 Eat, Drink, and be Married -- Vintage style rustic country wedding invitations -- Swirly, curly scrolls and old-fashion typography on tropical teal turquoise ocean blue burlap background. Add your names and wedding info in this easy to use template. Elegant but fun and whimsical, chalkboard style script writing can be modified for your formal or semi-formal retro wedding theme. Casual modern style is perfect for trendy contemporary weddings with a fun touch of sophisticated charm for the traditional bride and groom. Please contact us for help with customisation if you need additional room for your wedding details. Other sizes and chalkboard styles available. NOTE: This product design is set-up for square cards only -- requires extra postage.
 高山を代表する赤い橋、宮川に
_ _ _ _ _
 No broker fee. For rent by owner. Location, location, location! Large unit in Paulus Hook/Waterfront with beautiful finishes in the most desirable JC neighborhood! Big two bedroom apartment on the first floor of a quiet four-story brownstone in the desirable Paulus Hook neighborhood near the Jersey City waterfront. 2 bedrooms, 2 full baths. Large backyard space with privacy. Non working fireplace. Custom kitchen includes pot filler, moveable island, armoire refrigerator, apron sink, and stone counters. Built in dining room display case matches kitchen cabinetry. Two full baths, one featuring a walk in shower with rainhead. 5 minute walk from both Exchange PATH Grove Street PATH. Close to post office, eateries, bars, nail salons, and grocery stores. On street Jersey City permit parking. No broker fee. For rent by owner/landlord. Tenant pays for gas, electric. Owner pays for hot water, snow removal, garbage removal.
_ _ _ _ _
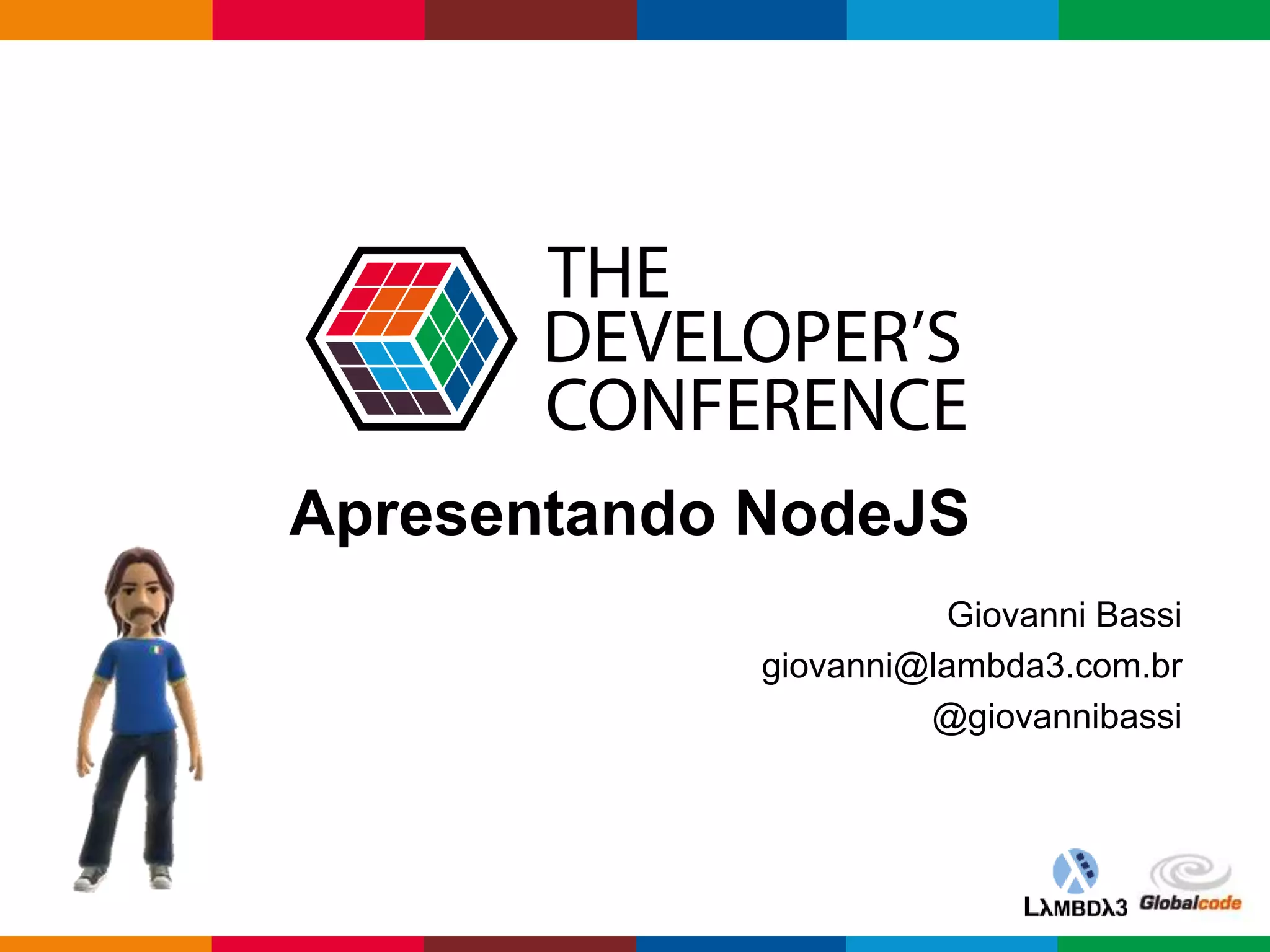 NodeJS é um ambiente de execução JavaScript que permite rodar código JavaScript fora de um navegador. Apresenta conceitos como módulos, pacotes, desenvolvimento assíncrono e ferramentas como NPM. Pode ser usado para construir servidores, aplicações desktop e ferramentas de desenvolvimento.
_ _ _ _ _
- PROBLEM STATEMENT -
Of the lines above, extract only those from the line with "Eat, Drink, and" to the line with "高山を代表する赤い橋、宮川に", both included, exactly as written.

- PROBLEM SOLUTION -
 Eat, Drink, and be Married -- Vintage style rustic country wedding invitations -- Swirly, curly scrolls and old-fashion typography on tropical teal turquoise ocean blue burlap background. Add your names and wedding info in this easy to use template. Elegant but fun and whimsical, chalkboard style script writing can be modified for your formal or semi-formal retro wedding theme. Casual modern style is perfect for trendy contemporary weddings with a fun touch of sophisticated charm for the traditional bride and groom. Please contact us for help with customisation if you need additional room for your wedding details. Other sizes and chalkboard styles available. NOTE: This product design is set-up for square cards only -- requires extra postage.
 高山を代表する赤い橋、宮川に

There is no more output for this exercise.